Moroccan Taragalte Festival Celebrates Timbuktu

Moroccan Taragalte Festival Celebrates Timbuktu

The 4th edition of the Taragalte Festival celebrating the Sahara and desert culture, held this November 9 to 11 in M’hamid El Ghizlane, Southern Moroccan province of Zagora, paid tribute to the Malian holy city of Timbuktu, which was occupied by the Islamist Ansar Dine group at the beginning of the current year.
The festival organizers explained that they wanted to celebrate this city, dubbed “the city of 333 Saints”, which is classified as a Heritage of Humanity by UNESCO and which is a cradle of African culture and history, as a token of solidarity with its people. Timbuktu was occupied by the Islamists just after its own “Festival au Desert” last January and these Islamists- who advocate a strict interpretation of sharia law-have destroyed several monuments listed as World Heritage and forced thousands into exile.
Inviting artists from northern Mali is a way to express support and solidarity with the region and its inhabitants, organizers said.
They also wanted to celebrate the historical ties between Timbuktu and Taragalte which was the point of departure and arrival of trans-Saharan caravans going or coming from Mali.
Officials of the Timbuktu festival and several musicians and artists from the city who have fled their hometown after northern Mali was occupied by armed groups in early 2012 attended the festival of M’hamid El Ghizlane, formerly known as Taragalte.
These artists’ performance at Taragalte was one of their few shows during the past nine months and provided them with the opportunity to forget, at least momentarily, the ordeal their hometown is going through.
Founder and director of the Timbuktu “Festival au Desert”, Mohamed Aly Ansar, ask as “Manny”, who attended the event told the media that due to poor security conditions, the Timbuktu festival will be replaced by a “caravan for peace and national unity,” probably next February. The idea is to have the Malian artists who are now living in exile in Mauritania, Burkina Faso or Niger participate in the caravan that will be crowned by a big concert at Oursi near Ouagadougou (Burkina Faso).

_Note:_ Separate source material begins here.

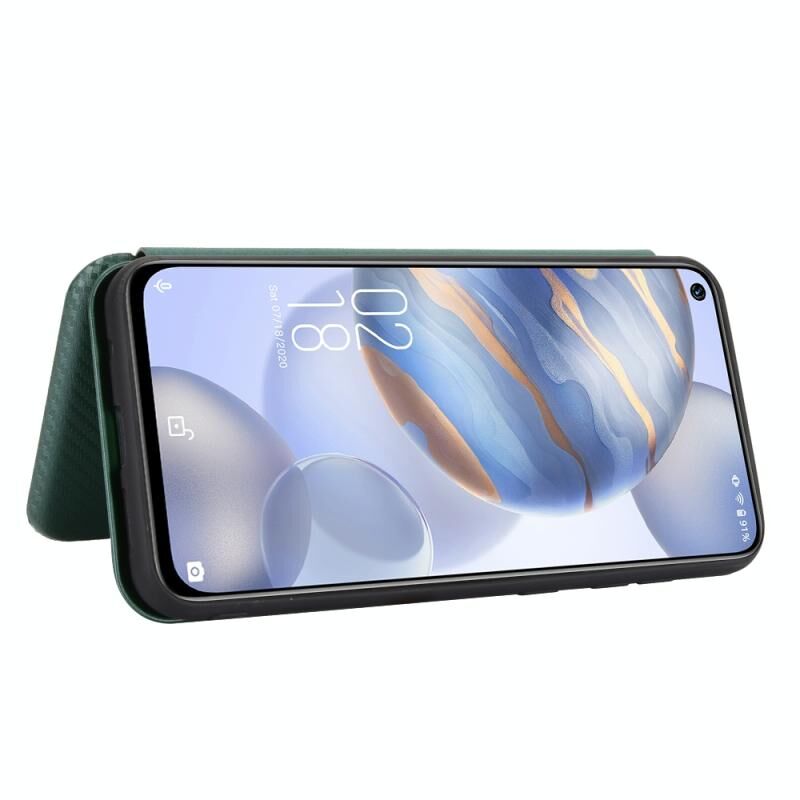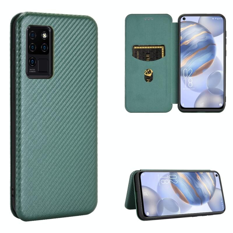 Για Oukitel C21 Carbon Fiber υφή οριζόντια Flip TPU + PC + PU δέρμα υπόθεση με υποδοχή κάρτας (πράσινο)

For Manny, the main goal of the caravan is to spread a message of unity and tolerance.
The Taragalte Festival, initiated by a team of young Moroccan descendents of Sahrawi nomads, seeks to highlight the heritage of the desert, to foster awareness to the need to preserve the environment and the region natural resources and oases, to encourage intercultural exchange and to promote sustainable tourism. Also, the event provides opportunity to remember the time when trade caravans were crossing the Sahara between Algeria, Morocco, Mauritania and Mali and the strategic position M’Hamid El Ghizlanen, or the gateway to the Sahara as it is called, was then holding.
The Taragalte Festival, held this year under the theme “Woman of the Desert”, featured besides the performances by artists and singers from Mali, Mauritania, Morocco and even France, exhibitions, workshops and roundtables on desert related topics.